Null support for inline class reference projections through bitmaps

Sat Dec 5 13:44:31 UTC 2020

> Since there are types like e.g. LocalDate which would like to be inline classes but don't have a good default value, I was thinking about how the default value for value projections could be avoided and null could be used as default for reference projections efficiently.

For a reference projection, null is a valid value, and is the default.  But, there’s no free lunch; if we have to represent them as references on the stack, then there’s going to be some cost (usually to the calling conventions.)  

The key thing to realize is that null is a property of reference-ness.  And while it is possible for the VM to still scalarize in this case (inflate an extra boolean channel for nullity), this is starting to approach heroics.  

> 1.2. After value projection array creation, array elements are initialized with default values.
> 
> What if the creation of value projection arrays is only allowed for inline classes that have a default constructor(in the newarray bytecode the VM initializes the cached default value as created by the default constructor) and through an intrinsic method e.g. <any T> T.val[] Arrays.unbox(T.ref[]) that does null checks?

The issue of whether there is _any_ good default, and whether all zero bits is a good default, are frequently conflated.  The “no arg constructor” direction is only helpful in the case where there is a good default, but zeroes isn’t it.  But that’s the easier of the two problems to solve (though already not easy.)  

Consider a tuple of (String, String) which represents a name.  Is there any good default?  (null, null) is clearly crappy, but (“”, “”) isn’t much better, nor is (“name unavailable”, “name unavailable”).  So there’s no no-arg constructor that could help here.  But, do we want to say “sorry, no flattened arrays of names?”  

The approach of having separate types for the reference and value projections gives users a choice, where cost and safety can be balanced with an understanding of the context.  

> 2. Support nulls for reference projection (efficiently?)
> 
> Maybe you already work on something like that, but so far, I was of the impression that reference projections for inline classes wouldn't be that much better than normal reference types, so I thought about how reference projections could be modeled efficiently.

It’s in the middle.  Since there are pervasive implicit conversions between the two, and the JIT can more easily remove these conversions than it can with boxing, you can use Foo.val in the heap (arrays, fields) and Foo.ref in APIs.  This gets you flattening and density, but not the full benefit of scalarization in calls.  (As mentioned earlier, it might be possible to rescue scalarization in the presence of nulls, but that’s a long way off, if ever.)  

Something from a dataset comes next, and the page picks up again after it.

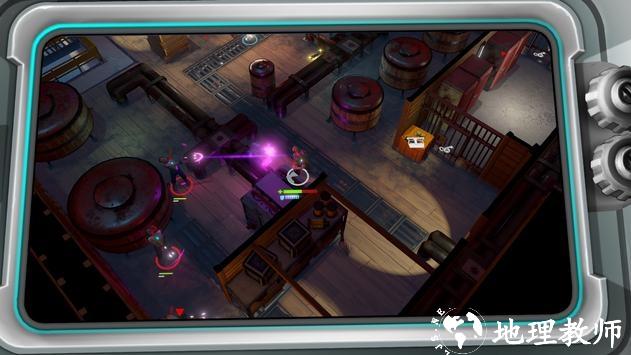 4、游戏游戏采用标准的45度视角,左侧的按钮控制人物的走动,右侧用来发射武器。

> The general idea I have is to introduce a bitmap to track the nullness of all (transitive) reference projections within a container like an array or object.

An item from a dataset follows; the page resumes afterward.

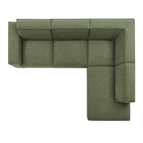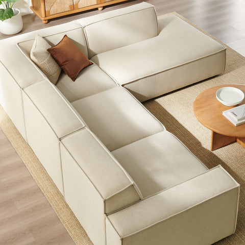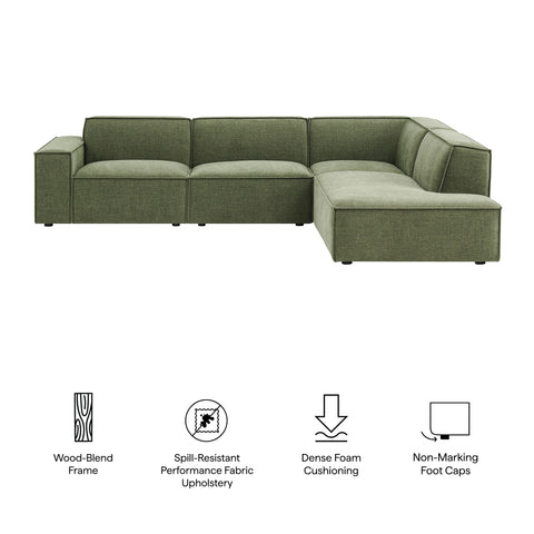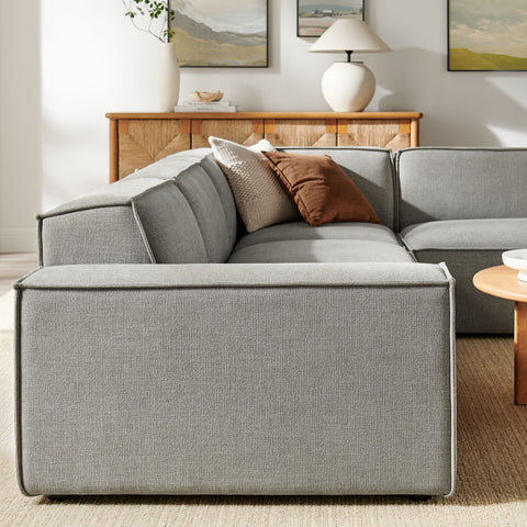 Create your custom living room and lounge area with the Restore Upholstered Fabric Modular Sectional Sofa. The Restore Sectional Couch brings minimalist appeal with a crisp silhouette, broad lines, and French piping details wrapped in soft fabric upholstery. Featuring a high-performance upholstery fabric designed to repel water-based spills and stains—most messes blot away easily with a clean cloth. For stubborn residue, spray with a diluted dish soap solution and blot clean. Dense foam padding and a pocket coil spring system in each seat offer a comfortable, supportive feel for everyday lounging. Designed as a compact L-shaped sectional, this 4-piece set includes one left-facing armchair, one armless chair, one corner chair, and one right-facing chaise. Built-in connectors keep the pieces aligned and make it easy to expand over time with other Restore pieces. Built on a sturdy wood-blend frame with non-marking foot caps to help protect floors.

Essentially, if you want to adjoin an additional value to the value set of a type, you have several choices:

 - find an unused bit pattern (usually requires help from the programmer)
 - use more space, either contiguously (jam in an extra boolean field) or on the side (like your bitmap)

Languages that support an “undefined” value (e.g., Perl) have the same problem.  

Stepping back, let’s remember how we got here: primitive classes (note the new name!) are intended to model _values_.  This kind of suggests that all their bits should be able to travel together.  

I think the reality is that if you want nullity in the sense of “nothing there", then what you want is a reference type, because nulls only make sense when we’re talking about references to objects.  (And saying “I want nullity, but I want a primitive class because it’s faster” is understandable, but mostly wishful thinking.)  

I think the more important question here is the other one, which is: what do we do about primitive classes that _are_ values, but which have no good default, such as Date.   Jan 1 1972 is not a good default; countless bugs have resulted from pretending it is.  (Using -1 to initiatialize dates just moves the problem to Dec 31.)  So there’s really no good default here, any more than (“not a name”, “not a name”) is a good default for a Name tuple of (String, String).  So, what do we do?  

There’s a range of options here, trading off runtime cost, intrusiveness to the implementor, and intrusiveness to the client for cases where there is no good default.  

1.  Just use an identity class.  Null is the sensible default.  This isn’t a terrible choice.  Performance of Java today for business applications is pretty darn good. Easy for everyone, but we pay for it.  

2.  Use the val projection in implementation (fields, arrays) and ref projection in APIs.  This ensure safety at the boundary while offering the opportunity to get more flattening internally.  We get most of the performance benefits, relatively unintrusive, except someone has to stare at that ugly “.ref” token.  

3.  Code your primitive class to (a) have no exposed fields and (b) for methods to be defensive about checking for zero on entry.  This gives the user everything they want — fail-fast in the event they accidentially used an uninitialized value, and you get all the flatness, density, scalarlization, etc.  Higher intrusiveness to the implementor, no externally visible differences, full runtime cost savings.